__ENTRIES PROVIDED__
++++++++++

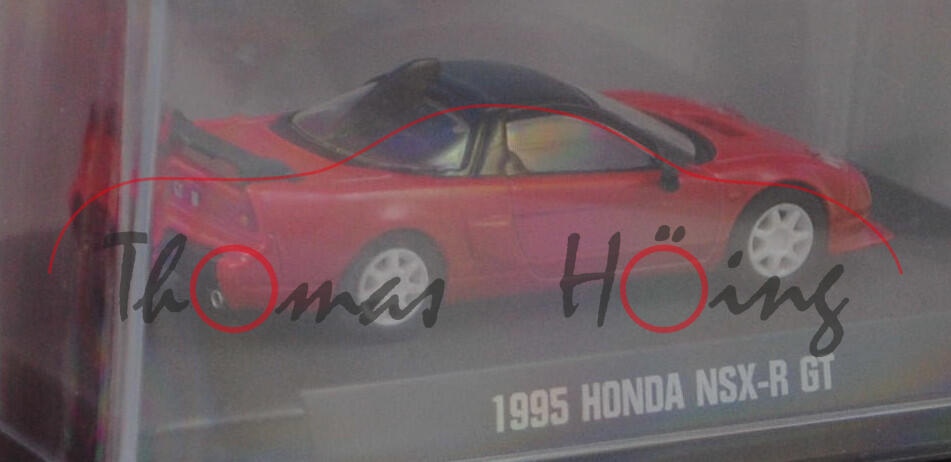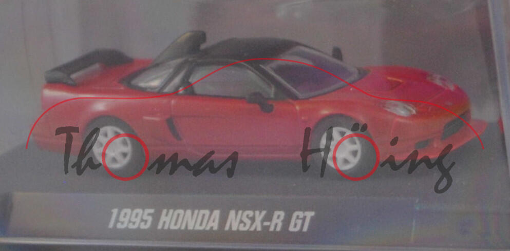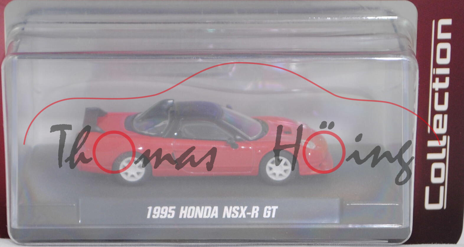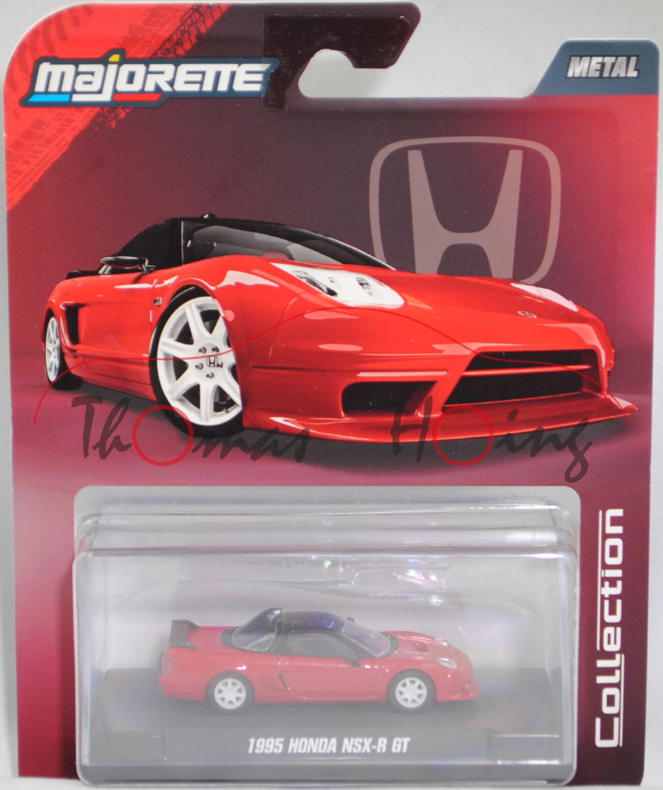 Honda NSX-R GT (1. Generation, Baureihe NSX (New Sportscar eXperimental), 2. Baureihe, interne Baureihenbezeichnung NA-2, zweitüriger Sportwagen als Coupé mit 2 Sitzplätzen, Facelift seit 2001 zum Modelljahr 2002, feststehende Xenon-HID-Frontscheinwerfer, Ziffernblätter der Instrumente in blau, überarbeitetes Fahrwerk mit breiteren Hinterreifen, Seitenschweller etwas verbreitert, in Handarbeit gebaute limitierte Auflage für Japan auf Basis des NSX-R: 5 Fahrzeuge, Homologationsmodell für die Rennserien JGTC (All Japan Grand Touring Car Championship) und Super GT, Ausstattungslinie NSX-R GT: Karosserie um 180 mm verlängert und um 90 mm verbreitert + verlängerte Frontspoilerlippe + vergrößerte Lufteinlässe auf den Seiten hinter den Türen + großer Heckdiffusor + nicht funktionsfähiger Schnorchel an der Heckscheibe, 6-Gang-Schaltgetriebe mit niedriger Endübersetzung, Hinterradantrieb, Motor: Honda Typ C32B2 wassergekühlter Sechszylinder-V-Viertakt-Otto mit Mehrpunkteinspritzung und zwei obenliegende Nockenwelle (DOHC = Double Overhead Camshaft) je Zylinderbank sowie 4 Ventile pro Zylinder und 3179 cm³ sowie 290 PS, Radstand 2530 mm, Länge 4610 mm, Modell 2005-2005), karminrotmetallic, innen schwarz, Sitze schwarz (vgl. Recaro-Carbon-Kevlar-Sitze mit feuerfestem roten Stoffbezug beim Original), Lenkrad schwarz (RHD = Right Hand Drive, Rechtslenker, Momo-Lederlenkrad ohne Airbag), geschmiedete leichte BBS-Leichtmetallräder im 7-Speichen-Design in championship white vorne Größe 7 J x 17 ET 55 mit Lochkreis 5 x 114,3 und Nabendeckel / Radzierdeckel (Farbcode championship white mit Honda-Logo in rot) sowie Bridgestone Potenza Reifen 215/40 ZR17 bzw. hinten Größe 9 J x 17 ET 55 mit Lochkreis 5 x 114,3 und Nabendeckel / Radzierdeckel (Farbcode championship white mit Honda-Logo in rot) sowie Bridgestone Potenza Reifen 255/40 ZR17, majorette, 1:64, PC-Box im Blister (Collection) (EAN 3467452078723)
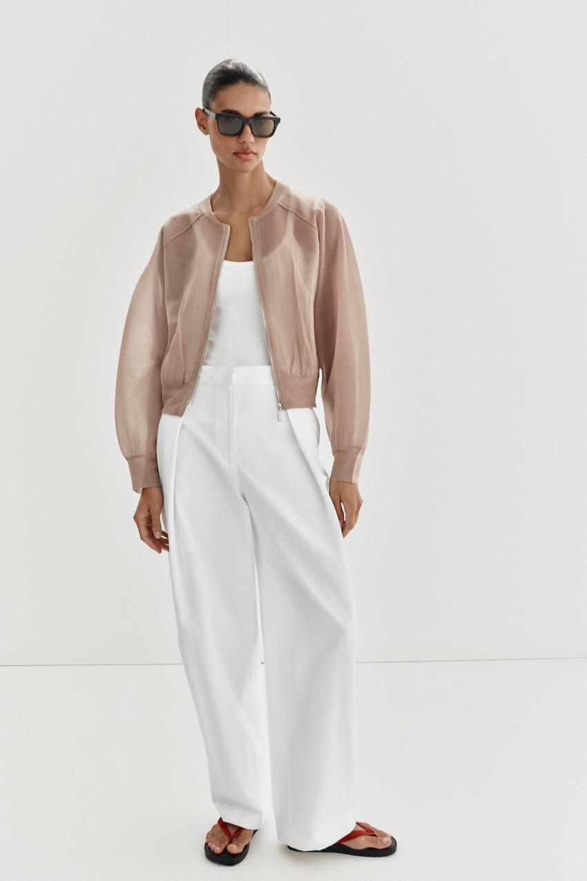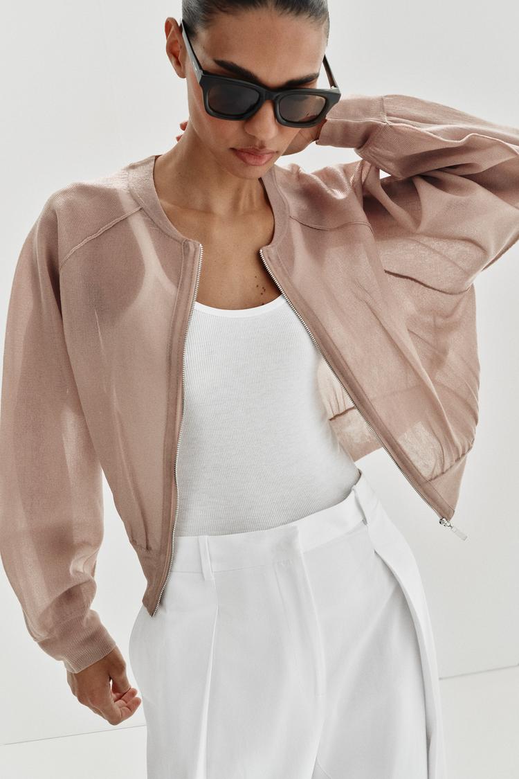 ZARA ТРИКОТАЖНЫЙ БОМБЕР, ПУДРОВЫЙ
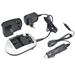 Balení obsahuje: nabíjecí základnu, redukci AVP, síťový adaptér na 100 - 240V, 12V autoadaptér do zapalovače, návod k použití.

++++++++++

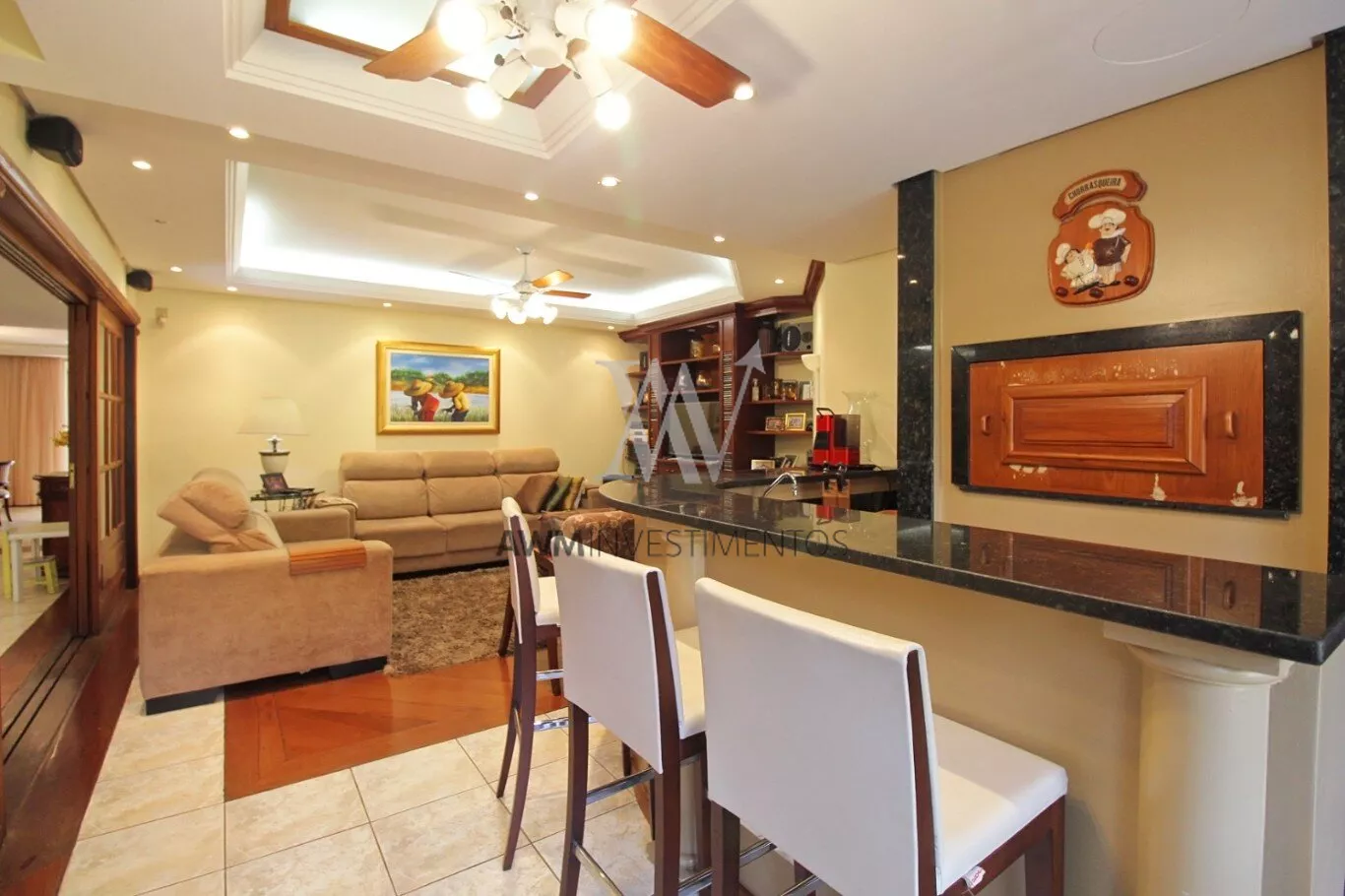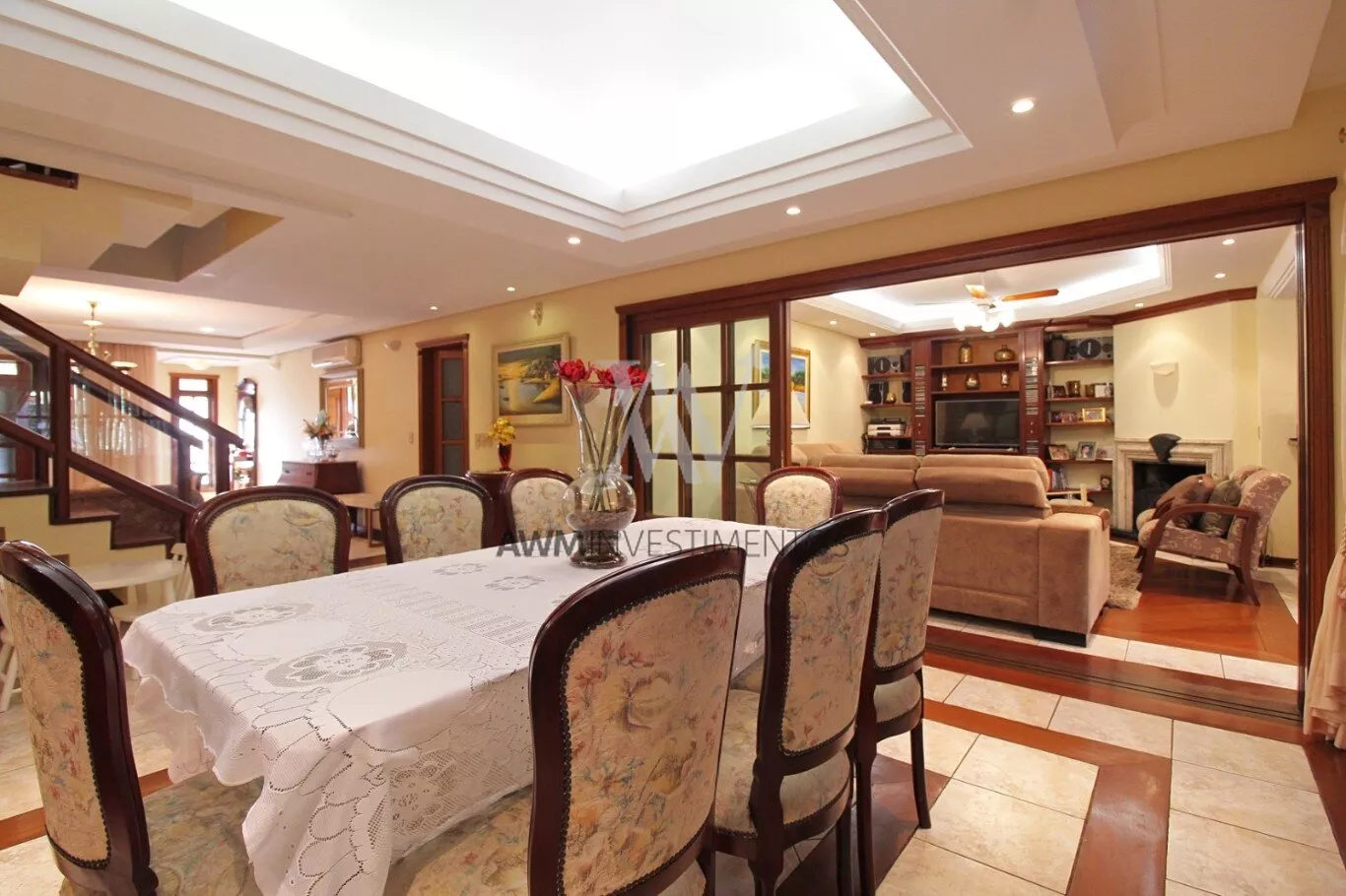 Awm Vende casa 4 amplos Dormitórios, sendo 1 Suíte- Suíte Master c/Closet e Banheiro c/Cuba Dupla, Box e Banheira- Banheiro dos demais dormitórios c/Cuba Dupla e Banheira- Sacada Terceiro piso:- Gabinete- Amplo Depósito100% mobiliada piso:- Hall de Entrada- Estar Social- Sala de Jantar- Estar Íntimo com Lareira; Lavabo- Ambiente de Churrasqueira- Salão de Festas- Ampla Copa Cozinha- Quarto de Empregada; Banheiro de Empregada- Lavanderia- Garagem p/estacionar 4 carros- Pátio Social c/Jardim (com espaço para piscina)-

++++++++++

__DIRECTIONS__
All pictures are to be skipped. Output, word for word, the lines in the data above starting at the line containing "ZARA ТРИКОТАЖНЫЙ БОМБЕР, ПУДРОВЫЙ" and ending at the line containing "Balení obsahuje: nabíjecí".

__ANSWER__
 ZARA ТРИКОТАЖНЫЙ БОМБЕР, ПУДРОВЫЙ
 Balení obsahuje: nabíjecí základnu, redukci AVP, síťový adaptér na 100 - 240V, 12V autoadaptér do zapalovače, návod k použití.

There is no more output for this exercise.